THIS ARTICLE IS MORE THAN FIVE YEARS OLD
This article is more than five years old. Autism research - and science in general - is constantly evolving, so older articles may contain information or theories that have been reevaluated since their original publication date.
Using genetically characterized model organisms to mimic human disease is a fixture of scientific research. But could the stunningly rapid advances in human genetics of the past decade spell the end of the road for animal models?
An opinion piece published in the August Nature Reviews Genetics asks this question of five geneticists, who each affirm the continued importance of various model organisms, from yeast to rats1.
I took the opportunity at a meeting held this past weekend by SFARI to pose the same question to several autism researchers.
Overall, the people I spoke with, who ranged from clinicians to neurobiologists, also say that as we learn more about human genetics, model organisms will only become more valuable.
Human genetics data will allow researchers to be more specific and to better utilize animal models, says Catherine Lord, a clinical psychologist at Weill Cornell Medical College in New York, who pioneered the gold standard tool for diagnosing autism. However, a continued back and forth between the models and human data is crucial, she says.
For example, animal models are being outfitted with non-invasive imaging devices traditionally used on humans, such as electroencephalography recordings. Matching up the brain signatures of animals to those of people can tell us more about the underlying mechanisms of autism2.
Animal models will also provide researchers with a way to assess the seemingly endless stream of autism candidate genes that are emerging from the genetics literature.
“The chances of finding a mutation in each of these genes in individuals are very slim. So how do you narrow down the role of each gene?” asks Sive.
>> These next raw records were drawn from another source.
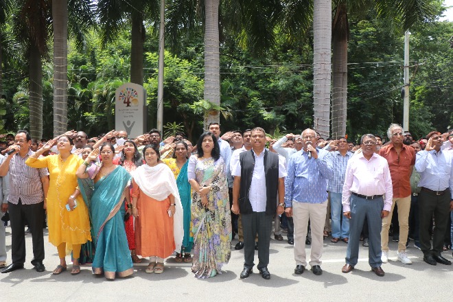 The venue, which was gripped by the patriotic fervour, was reverberated with the slogan of “Jai Hind”, which followed the singing of National Anthem. Sri Ekka, IAS, who spoke on this occasion, said that the completion of 75 years of Independence and the worth-emulating success stories of India in multiple domains,are the historic events, and, therefore, are being celebrated by Central and State Governments by launching such innovative campaigns as “Azadika Amrit Mahotsav” and “Har Ghar Tiranga”. Sri Ekka, IAS stated that the completion of 75 years of Independence is the most appropriate occasion for employees to take a pledge toperform their jobs with a high degree of dedication and commitment.
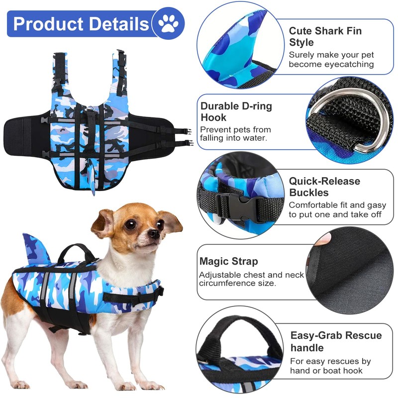 - UNIQUE CUTE SHARK FIN : FANUPSON dog life jacket featuring a unique charming shark fin design dresses up your puppy as a cute shark; Fun shark shape and bright colors to provide higher visibility in the water.The best life jackets with high buoyancy are perfect for pool parties, beach trips or boat trips.
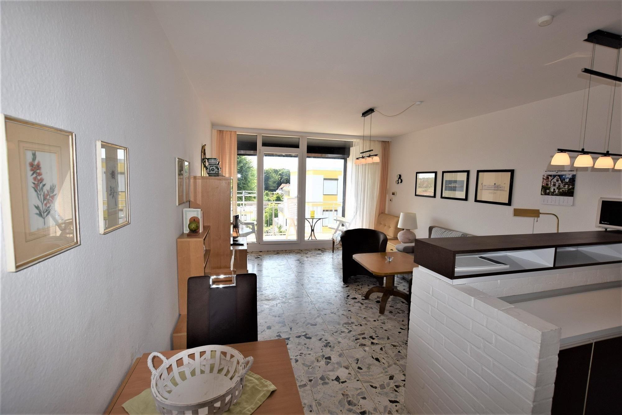 Die Ferienwohnung bietet Platz für 2 bis maximal 4 Personen, davon können 2 auf einer Schlafcouch im Wohn-Esszimmer untergebracht werden. Das lichtdurchflutete Wohn-Esszimmer ist mit einer gemütlichen Couchecke, einem Esstisch und Kabel-TV ausgestattet. Das separate Schlafzimmer verfügt über ein Doppelbett und einen Kleiderschrank. Die offene Küche ist mit einem Elektroherd, einem Backofen, einer Mikrowelle, einer Kaffeemaschine, einem Kühlschrank mit Gefrierfach, einem Wasserkocher und einem Toaster ausgestattet. Das Badezimmer umfasst eine Dusche und ein WC. Ein Wäschepaket ist gegen Gebühr erhältlich. Die Wohnung ist für Nichtraucher geeignet und Hunde sind willkommen. Die Winterpause erstreckt sich vom 20. Oktober bis 01. März.
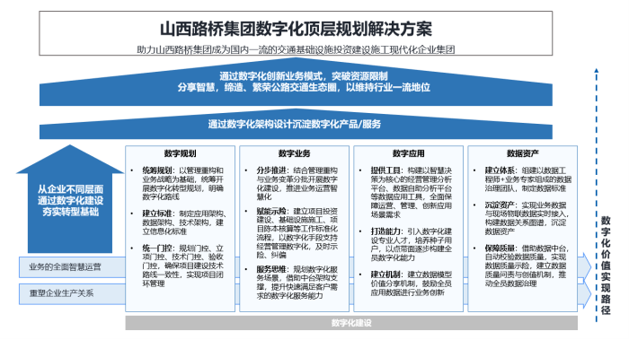 围绕山西路桥集团数字化转型的战略方针与转型过程中的痛点问题,金山云以“合理规划、科学把控、分布实施”为理念、遵循国资委有关“国有企业加强数字化转型”的要求,助力客户发掘数字化转型过程中的焦点、提炼数字化转型的内涵,研究企业产生“数据孤岛”问题,直击痛点,为客户规划设计数字化转型的发展路径、逐步落地数字化转型过程中的各阶段任务,通过顶层设计为路桥集团打造具有行业属性、企业特性的数字化体系,指导集团数字一体化建设任务。
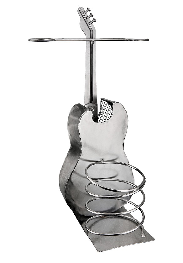 Hier erhalten Sie unseren Weinflaschenhalter in Gitarrenform, inklusive Halterung für zwei Weingläser und einem Fach zur Aufbewahrung von Korken.
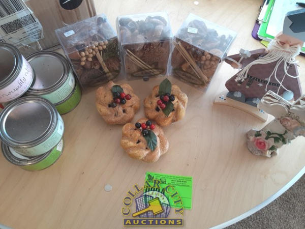 Lot of 15 scented boxed arrangements, tins of notes, scented apple pics & Misc. decorations.
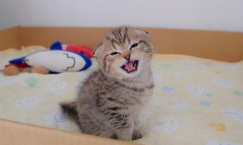動画が始まると、リコちゃんがケージの前にやってきます。子猫たちも、リコちゃんの姿を見つけると興味津々!リナちゃんは自らリコちゃんに近づき、鼻先をちょんと合わせてご挨拶。リサちゃんも、前回の「シャー」が嘘のように落ち着いた表情を見せてくれます。
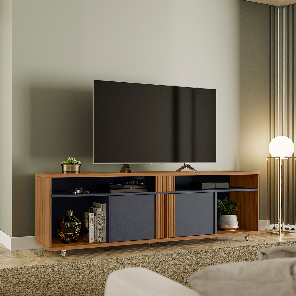 Altura: 590 mm Largura: 1800 mm Profundidade: 380 mm Peso: 41 kg Volumes: 01 caixa Cubagem: 0,097 Capacidade de TV: 60” DIFERENCIAIS: • Rodízios de silicone • Detalhe ripado em MDF • Estrutura de 15 e 25mm • Dobradiças com amortecedor
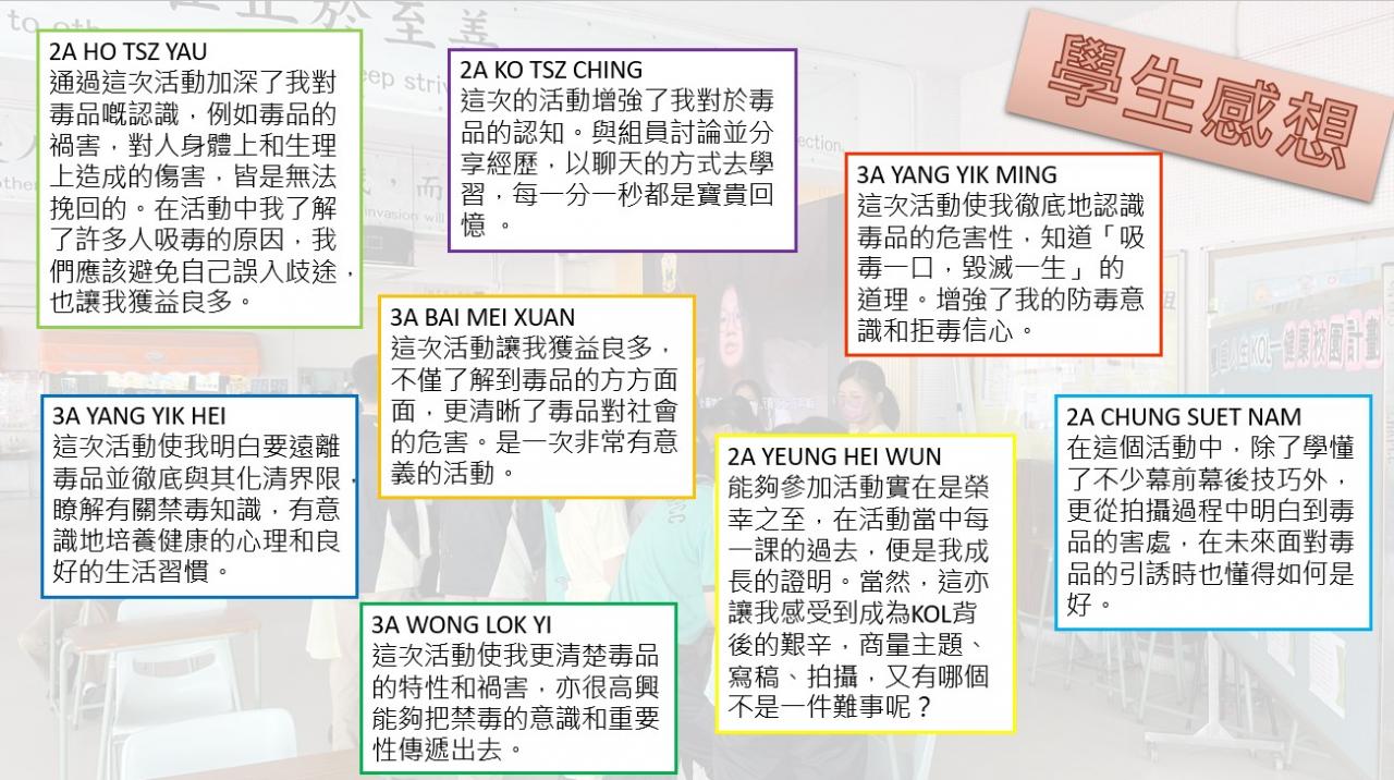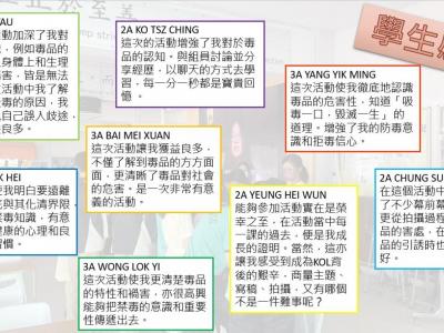 本校健康校園大使製作了一系列的禁毒短片及KAHOOT!問答遊戲,提升同學對毒品的認識,並於5月12日在教育局舉辦的分享會中,與其他學校分享參加活動之心得及成果。
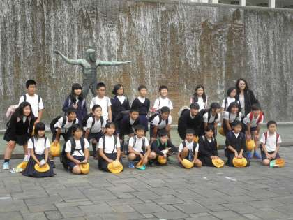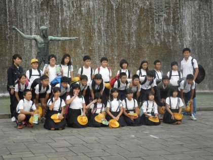 離宮公園の庭園で、学級写真を撮りました。
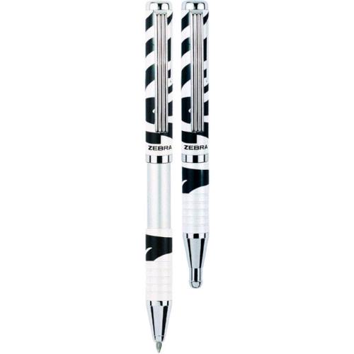 Ручка Zebra Slide Design синяя авт. шариковая телескопич., черно-белая полоса, в подар. коробке
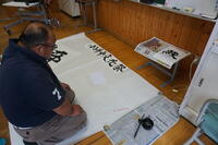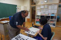 ・今日は書写の時間に、特別非常勤講師が来校されて、市の書道展に出品する作品をつくりました。

The answer, she says, is models like zebrafish, in which it is relatively easy to engineer combinations of gene mutations.
Animal models can also provide data about candidate genes that human studies do not. For example, SHANK1, a member of the same family as the autism-linked gene SHANK3, has not been associated with autism in genetics studies. However, a mouse lacking SHANK1 has communication deficits that resemble features of autism.
Benjamin Philpot, a cell physiologist at the University of North Carolina at Chapel Hill, strikes a note of caution, however. It is clear that there are going to be hundreds of genes relevant to autism and the field will need to ask itself if it’s going to be worthwhile to create a mouse model for each gene, he says.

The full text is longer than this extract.